» SUPPLIED DATA:

◆ ◆ ◆ ◆

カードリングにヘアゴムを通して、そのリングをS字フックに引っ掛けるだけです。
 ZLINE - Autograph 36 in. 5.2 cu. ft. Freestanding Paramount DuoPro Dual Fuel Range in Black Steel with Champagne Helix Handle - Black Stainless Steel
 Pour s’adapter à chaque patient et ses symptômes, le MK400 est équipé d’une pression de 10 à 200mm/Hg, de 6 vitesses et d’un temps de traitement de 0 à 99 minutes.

◆ ◆ ◆ ◆

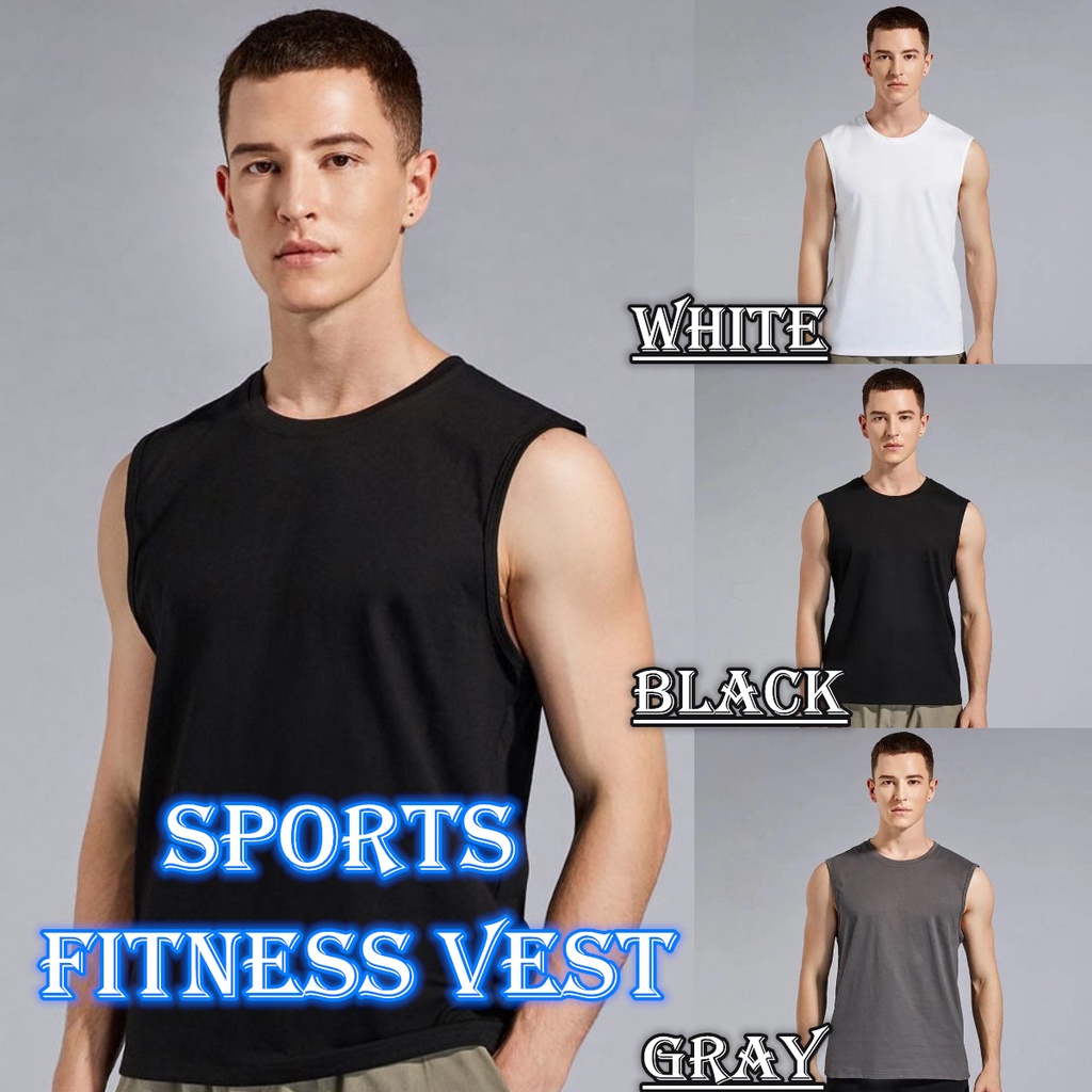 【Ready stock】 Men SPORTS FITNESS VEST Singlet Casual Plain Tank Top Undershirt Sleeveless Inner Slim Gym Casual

◆ ◆ ◆ ◆

» WORK INSTRUCTIONS: In the listing above, locate the line with "カードリングにヘアゴムを通して、そのリングをS字フックに引っ掛けるだけです。" and the line with "Pour s’adapter à", then extract exactly those lines and every line between them, and nothing more.

» SOLVED PROBLEM:
カードリングにヘアゴムを通して、そのリングをS字フックに引っ掛けるだけです。
 ZLINE - Autograph 36 in. 5.2 cu. ft. Freestanding Paramount DuoPro Dual Fuel Range in Black Steel with Champagne Helix Handle - Black Stainless Steel
 Pour s’adapter à chaque patient et ses symptômes, le MK400 est équipé d’une pression de 10 à 200mm/Hg, de 6 vitesses et d’un temps de traitement de 0 à 99 minutes.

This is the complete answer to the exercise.